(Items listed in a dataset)
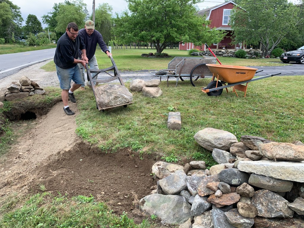 If you’ve never built a rock wall? (And I mean a real New England cement free rock wall, with rocks of all different shapes and sizes and weights… not the nice flat ones you buy at a landscapers) Trust me, it’s work!
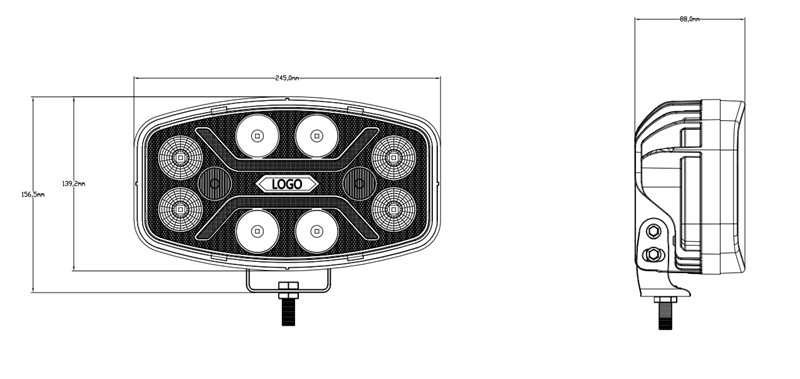 80 W dálkové LED světlo s pozičním a oranžovým výstražným světlem, vhodné zejména pro offroad vozy, nákladní automobily, bagry, nakladače a jinou pracovní techniku.
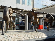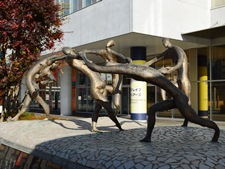 長野市制90周年のモニュメントで、5人の乙女が楽しく円舞曲を踊って、市の繁栄を祝っている姿です。マチスという画家は色彩感覚を大事にした人で、この作品を金色に塗った由来です。当初は4人にしたり、6人にしたり試行錯誤を繰り返したそうですが、5人としたのは、長野冬季五輪の招致運動が行われていた時で、その感動を願って決めたと作者は言っています。
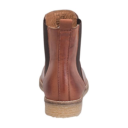 This season's more feminine take on the chelsea boot: Miz Mooz's "Lucia," updated with a sleeker silhouette, almond toe, and slimmer sole in cushioning crepe rubber; with extra-wide elastic side gussets and a leather pull tab for easy on/easy off wear. Made in Portugal.Feature
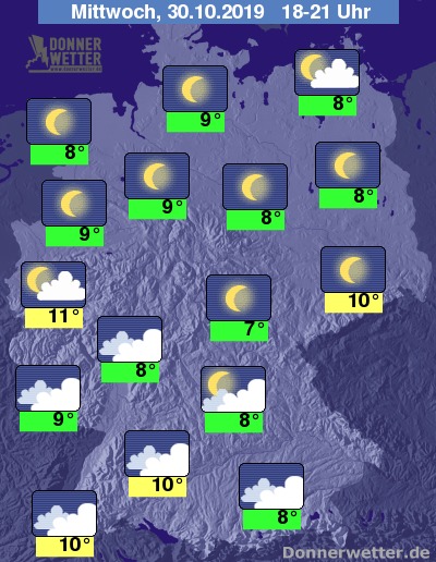 Am Abend präsentiert sich der Himmel im Norden und Osten oft sternenklar, im Süden und Südwesten halten sich dichtere Wolkenfelder. An den Alpen kann es noch stellenweise nass werden.
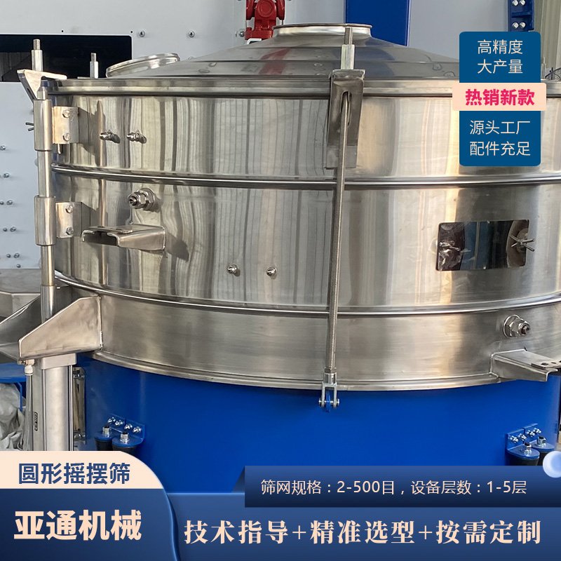 圆形摇摆筛是一种仿人工摇动的低频旋振筛,物料在筛面做非线性的三维运动,既有圆周运动又有上抛弧运动,筛分精度高达90-99%,筛分产量是普通振动筛的5-10倍,可以实现5层分级,适合于适合500目内圆球状、圆柱状、片状乃至不规则形状易堵网且需要精密筛分的物料。
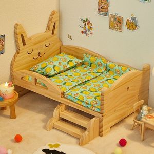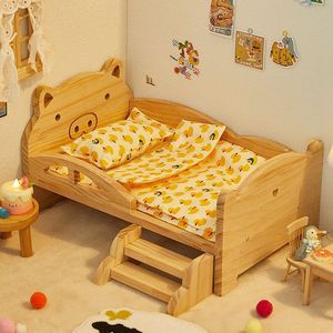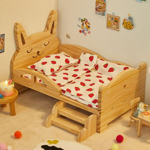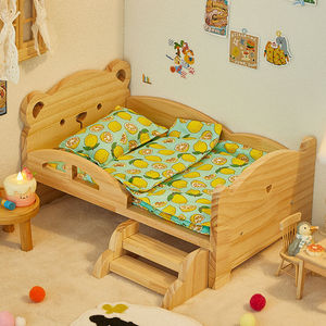 新款棉花娃娃娃床20cm公仔玩偶床上用品三件套bjd实木娃屋睡床
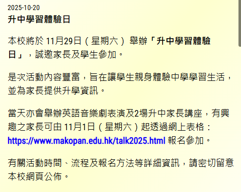 2025/11/29:佛教沈香林紀念中學「沈中資訊日」升中簡介會
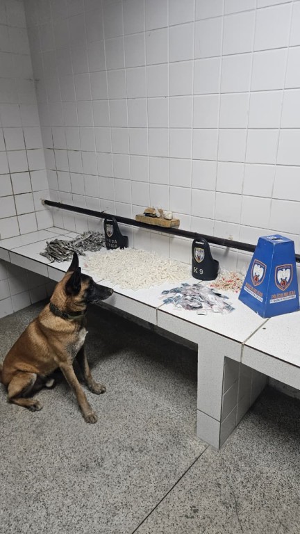 No sábado (06), no bairro Jardim Limoeiro, as equipes de Força Tática, com o emprego do cão policial Apollo, localizaram uma sacola escondida no alto de uma árvore contendo 1.010g de maconha em duas unidades, 466 unidades de maconha (1.200g), 219 unidades de haxixe (160g), uma unidade de cocaína (105g), 2.070 unidades de cocaína (3.290g) e 715 unidades de crack (225g).
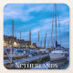 Traditional fishing town night scene. square paper coaster
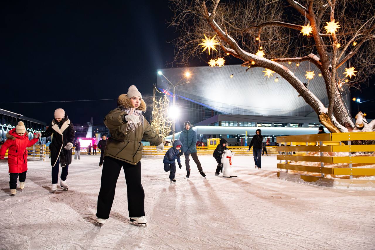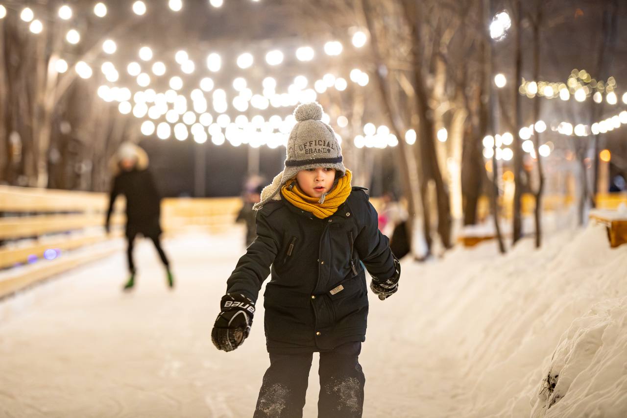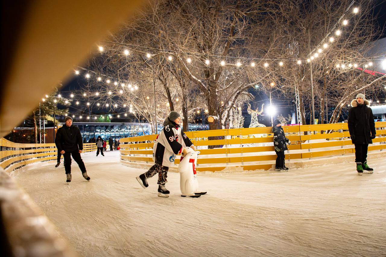 Вечером всё озаряется тысячами огоньков, мерцающими гирляндами и праздничной музыкой, а каток превращается в настоящую зимнюю сказку!
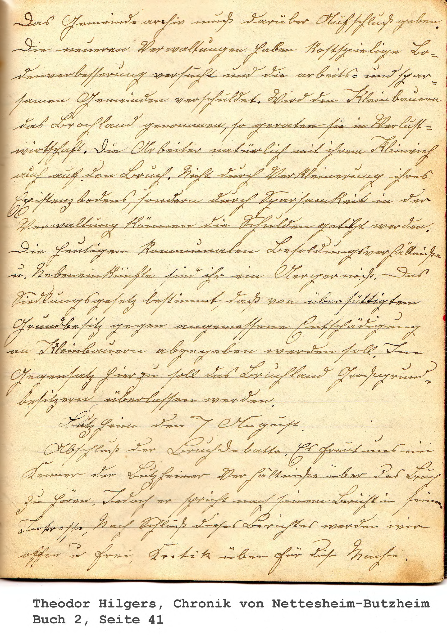 Abschluß der Bruchdebatte. Es freut uns ein Kenner der Butzheimer Verhältniße über das Bruch zu hören. Jedoch er spricht nach seinem Bericht in seinem Interesse, Nach Schluß dieses Berichtes werden wir offen u frei, Kritik üben für diese Mache.

Work request. Print from the line containing "This season's more" through the line containing "2025/11/29:佛教沈香林紀念中學「沈中資訊日」升中簡介會" in the data above, exactly as the lines stand, and omit every picture.

Answer to this problem.
 This season's more feminine take on the chelsea boot: Miz Mooz's "Lucia," updated with a sleeker silhouette, almond toe, and slimmer sole in cushioning crepe rubber; with extra-wide elastic side gussets and a leather pull tab for easy on/easy off wear. Made in Portugal.Feature
 Am Abend präsentiert sich der Himmel im Norden und Osten oft sternenklar, im Süden und Südwesten halten sich dichtere Wolkenfelder. An den Alpen kann es noch stellenweise nass werden.
 圆形摇摆筛是一种仿人工摇动的低频旋振筛,物料在筛面做非线性的三维运动,既有圆周运动又有上抛弧运动,筛分精度高达90-99%,筛分产量是普通振动筛的5-10倍,可以实现5层分级,适合于适合500目内圆球状、圆柱状、片状乃至不规则形状易堵网且需要精密筛分的物料。
 新款棉花娃娃娃床20cm公仔玩偶床上用品三件套bjd实木娃屋睡床
 2025/11/29:佛教沈香林紀念中學「沈中資訊日」升中簡介會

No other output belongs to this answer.